A moça que perdeu a identidade

A tal identidade que passamos a carregar no bolso tem vários matizes.

Tanto pode ser a identificação de quem somos assim como o tal documento obrigatório de uso a qualquer cidadão. E quem na verdade somos?

Um indivíduo inserido numa comunidade? Ou qualquer que não dispõe de nenhuma identidade?

Pensando desta maneira uma pessoa, morador de rua, que não porta nenhum documento, preso por estar assim, desprovido de tudo, um nada, um zero a esquerda, deveria ser considerado um pária social? Ou um cidadão qualquer. A quem a sorte virou a cara. E perambula pelas ruas a cata de migalhas?

Infelizmente esta é a realidade nua e crua. Um dia destes, a caminho para o consultório, era cedo ainda, ao passar por um restaurante deparei-me com um homem estendido no passeio. Todos pulavam sobre ele. Parece que era um cachorro morto.

Tentei acordá-lo. Percebi que ele estava embriagado. Semimorto o pobre coitado. Não tive sucesso na minha intenção de restitui-lo a vida. E que vida era aquela?

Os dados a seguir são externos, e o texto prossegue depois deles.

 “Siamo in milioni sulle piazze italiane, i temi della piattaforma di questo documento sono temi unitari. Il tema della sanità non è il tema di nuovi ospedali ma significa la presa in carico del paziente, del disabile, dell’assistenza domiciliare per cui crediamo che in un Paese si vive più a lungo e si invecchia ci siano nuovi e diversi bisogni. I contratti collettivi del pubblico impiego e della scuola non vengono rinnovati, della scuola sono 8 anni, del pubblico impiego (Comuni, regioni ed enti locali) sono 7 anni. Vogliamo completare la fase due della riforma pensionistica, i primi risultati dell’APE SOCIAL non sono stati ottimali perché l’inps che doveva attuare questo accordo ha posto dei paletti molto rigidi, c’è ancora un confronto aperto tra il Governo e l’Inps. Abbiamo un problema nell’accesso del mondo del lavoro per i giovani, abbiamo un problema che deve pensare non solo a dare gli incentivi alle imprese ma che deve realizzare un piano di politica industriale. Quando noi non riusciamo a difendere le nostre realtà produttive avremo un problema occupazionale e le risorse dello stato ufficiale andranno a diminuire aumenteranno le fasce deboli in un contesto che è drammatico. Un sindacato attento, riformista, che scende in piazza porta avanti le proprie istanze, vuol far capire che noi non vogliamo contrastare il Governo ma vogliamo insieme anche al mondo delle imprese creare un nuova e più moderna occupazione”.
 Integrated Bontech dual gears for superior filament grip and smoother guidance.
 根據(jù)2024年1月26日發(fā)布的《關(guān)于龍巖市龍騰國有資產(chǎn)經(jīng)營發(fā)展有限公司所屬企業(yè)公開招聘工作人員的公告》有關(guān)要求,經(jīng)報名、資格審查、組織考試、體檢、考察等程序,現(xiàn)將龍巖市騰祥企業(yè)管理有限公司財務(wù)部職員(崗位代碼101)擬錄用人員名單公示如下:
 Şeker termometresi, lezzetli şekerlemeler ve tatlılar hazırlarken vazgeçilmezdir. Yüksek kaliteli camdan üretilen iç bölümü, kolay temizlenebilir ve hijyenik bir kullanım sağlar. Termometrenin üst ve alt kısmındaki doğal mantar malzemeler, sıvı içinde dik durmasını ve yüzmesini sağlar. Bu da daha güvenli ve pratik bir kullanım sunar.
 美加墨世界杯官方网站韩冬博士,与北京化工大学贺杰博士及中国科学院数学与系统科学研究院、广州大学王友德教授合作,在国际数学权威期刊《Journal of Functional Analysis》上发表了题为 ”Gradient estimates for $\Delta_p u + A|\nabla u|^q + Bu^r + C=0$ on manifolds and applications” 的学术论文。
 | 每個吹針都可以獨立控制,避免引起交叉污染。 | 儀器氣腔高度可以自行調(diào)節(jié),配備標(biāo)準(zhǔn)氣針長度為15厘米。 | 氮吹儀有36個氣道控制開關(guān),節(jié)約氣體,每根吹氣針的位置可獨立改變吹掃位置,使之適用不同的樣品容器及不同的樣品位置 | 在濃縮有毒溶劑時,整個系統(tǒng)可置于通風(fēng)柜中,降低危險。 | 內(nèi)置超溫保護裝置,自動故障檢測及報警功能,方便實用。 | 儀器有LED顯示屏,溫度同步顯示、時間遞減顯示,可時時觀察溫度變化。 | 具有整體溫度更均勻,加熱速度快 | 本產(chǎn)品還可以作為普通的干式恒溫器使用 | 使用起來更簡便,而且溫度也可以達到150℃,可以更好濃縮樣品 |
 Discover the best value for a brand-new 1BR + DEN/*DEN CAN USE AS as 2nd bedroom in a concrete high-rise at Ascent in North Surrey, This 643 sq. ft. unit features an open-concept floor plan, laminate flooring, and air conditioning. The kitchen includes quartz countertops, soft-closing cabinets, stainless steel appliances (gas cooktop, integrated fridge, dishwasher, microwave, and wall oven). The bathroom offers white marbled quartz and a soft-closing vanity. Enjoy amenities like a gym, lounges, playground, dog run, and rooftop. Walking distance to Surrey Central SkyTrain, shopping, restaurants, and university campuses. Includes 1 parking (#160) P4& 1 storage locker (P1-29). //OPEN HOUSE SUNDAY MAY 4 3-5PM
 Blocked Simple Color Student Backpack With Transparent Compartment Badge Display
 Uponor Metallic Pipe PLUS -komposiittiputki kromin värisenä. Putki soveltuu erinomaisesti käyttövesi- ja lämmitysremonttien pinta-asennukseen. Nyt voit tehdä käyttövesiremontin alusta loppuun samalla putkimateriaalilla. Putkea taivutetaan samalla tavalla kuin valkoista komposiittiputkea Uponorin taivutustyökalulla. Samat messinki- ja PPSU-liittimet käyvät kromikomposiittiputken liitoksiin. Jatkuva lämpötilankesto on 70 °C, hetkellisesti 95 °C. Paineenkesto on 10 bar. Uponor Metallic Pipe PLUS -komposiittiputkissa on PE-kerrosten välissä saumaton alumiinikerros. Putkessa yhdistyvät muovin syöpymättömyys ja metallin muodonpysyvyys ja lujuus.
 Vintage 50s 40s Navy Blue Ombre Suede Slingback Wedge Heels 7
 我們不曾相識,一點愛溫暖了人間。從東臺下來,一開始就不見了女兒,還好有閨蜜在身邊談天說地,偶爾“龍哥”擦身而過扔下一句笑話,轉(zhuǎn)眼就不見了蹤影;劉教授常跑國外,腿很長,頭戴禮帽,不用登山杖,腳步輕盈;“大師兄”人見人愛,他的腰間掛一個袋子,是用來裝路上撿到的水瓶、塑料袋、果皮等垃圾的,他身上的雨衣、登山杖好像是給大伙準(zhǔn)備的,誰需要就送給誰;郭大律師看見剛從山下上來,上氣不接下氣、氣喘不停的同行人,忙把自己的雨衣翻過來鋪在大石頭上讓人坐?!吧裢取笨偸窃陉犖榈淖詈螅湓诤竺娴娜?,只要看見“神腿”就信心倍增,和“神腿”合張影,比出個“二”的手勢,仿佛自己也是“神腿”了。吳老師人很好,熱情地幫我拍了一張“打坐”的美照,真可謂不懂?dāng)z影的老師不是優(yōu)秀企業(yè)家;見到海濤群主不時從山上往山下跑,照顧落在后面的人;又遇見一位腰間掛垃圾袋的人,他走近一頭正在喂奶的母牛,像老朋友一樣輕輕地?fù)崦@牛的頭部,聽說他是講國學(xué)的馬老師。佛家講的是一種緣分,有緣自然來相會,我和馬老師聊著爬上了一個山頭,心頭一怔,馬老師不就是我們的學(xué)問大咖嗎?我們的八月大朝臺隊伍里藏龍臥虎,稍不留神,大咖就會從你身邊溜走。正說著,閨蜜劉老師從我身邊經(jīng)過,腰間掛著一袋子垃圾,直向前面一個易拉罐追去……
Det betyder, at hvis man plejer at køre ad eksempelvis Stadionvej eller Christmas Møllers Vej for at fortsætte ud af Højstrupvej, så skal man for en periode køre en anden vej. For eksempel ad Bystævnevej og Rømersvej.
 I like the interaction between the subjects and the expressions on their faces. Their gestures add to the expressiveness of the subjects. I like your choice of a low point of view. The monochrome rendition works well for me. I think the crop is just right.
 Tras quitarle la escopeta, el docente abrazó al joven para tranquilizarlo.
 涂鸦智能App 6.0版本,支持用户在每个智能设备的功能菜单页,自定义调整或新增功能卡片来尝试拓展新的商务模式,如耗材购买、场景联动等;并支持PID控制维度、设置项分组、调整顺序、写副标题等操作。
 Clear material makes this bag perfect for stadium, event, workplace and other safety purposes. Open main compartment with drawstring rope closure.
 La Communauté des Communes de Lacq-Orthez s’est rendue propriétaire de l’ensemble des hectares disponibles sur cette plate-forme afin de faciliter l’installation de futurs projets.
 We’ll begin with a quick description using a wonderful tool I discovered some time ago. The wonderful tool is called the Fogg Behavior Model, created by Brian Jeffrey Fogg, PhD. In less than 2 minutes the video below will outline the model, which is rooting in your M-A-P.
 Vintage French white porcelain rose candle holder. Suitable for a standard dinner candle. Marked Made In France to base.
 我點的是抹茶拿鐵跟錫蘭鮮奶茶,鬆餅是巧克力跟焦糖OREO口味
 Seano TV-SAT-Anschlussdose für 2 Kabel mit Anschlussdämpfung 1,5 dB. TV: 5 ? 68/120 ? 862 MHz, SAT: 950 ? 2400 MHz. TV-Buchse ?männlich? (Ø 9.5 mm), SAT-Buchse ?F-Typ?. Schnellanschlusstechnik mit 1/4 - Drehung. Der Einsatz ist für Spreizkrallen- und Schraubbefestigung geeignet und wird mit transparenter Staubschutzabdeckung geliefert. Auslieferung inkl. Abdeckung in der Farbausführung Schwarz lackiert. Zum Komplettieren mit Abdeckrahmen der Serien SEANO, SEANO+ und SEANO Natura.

Era mais um sem lenço ou documento. E não era sob um sol de quase dezembro.

A tal identidade faz falta. No entanto ela não é capaz de devolver-nos a condição de cidadãos.  Principalmente quem nasce aqui. Neste país continental que privilegia os mais afortunados em detrimento dos que nada têm. A desigualdade social é tão aviltante que nos machuca a sensibilidade. Que dentro de mim brota como água cristalina que emerge nas fontes.

Conheço esta moça desde quando aqui cheguei. E faz tempo que isso aconteceu.

Seu nome era Mariela. Ou talvez seja Manuela? Tenho dúvidas.

Ela se decidiu pela profissão de enfermagem. Amava tratar as pessoas. Com a mesma carinha boa com que a conheci.

Naqueles anos bons ela trabalhava no mesmo hospital onde comecei a vida de médico. Quase todos os dias nos encontrávamos nos corredores do mesmo hospital.

E o tempo passou. Os anos deixaram rastros. Envelheci.

Ainda na ativa, um dia destes, passei pelo mesmo hospital. Em visita a um aparentado.

Foi quando me encontrei com ela. Mariela, ou Manuela, estava irreconhecível.

Olheiras profundas marcavam-lhe o semblante exaurido pelos anos. Os cabelos brancos como neve. Ela usava máscara.

Durante o nosso curto colóquio pedi-lhe que retirasse a máscara. Ela assim o fez.

Falamos de tudo um pouco. Da vida que levávamos.

Do trabalho exaustivo nestes tempos de pandemia. Manuela mal tinha tempo de voltar a casa. Ela trabalhava no centro de tratamento intensivo cuidando dos pacientes afetados pelo coronavirus.

Mal tinha tempo de pensar nela mesma. Vaidosa, deixou os cabelos embranquecerem prematuramente. Não mais tinha tempo para cuidar da sua beleza extinta. E ela não era tão velha assim.

A marca da máscara se deixava ver em sua face desgastada pelo tempo. Um roxo evidente passeava pela sua face com sinais evidentes de cansaço. E Manuela, ou seria Mariela, não se queixava da vida. Era feliz mesmo assim.

Foi quando tentei dirimir a dúvida que me assaltava. Seria mesmo Manuela? Ou teria trocado de nome?

Foi quando ela me disse: “meu nome em verdade é Manuela. Acontece que, com o tempo, acabei perdendo a minha identidade. De tanto trabalho nem tempo tenho de pensar em mim”.

Dali saí pensando nas operosas enfermeiras que se dedicam de corpo e alma a cuidar dos enfermos. Elas de fato perdem a identidade. Mas nunca irão perder o respeito que elas inspiram.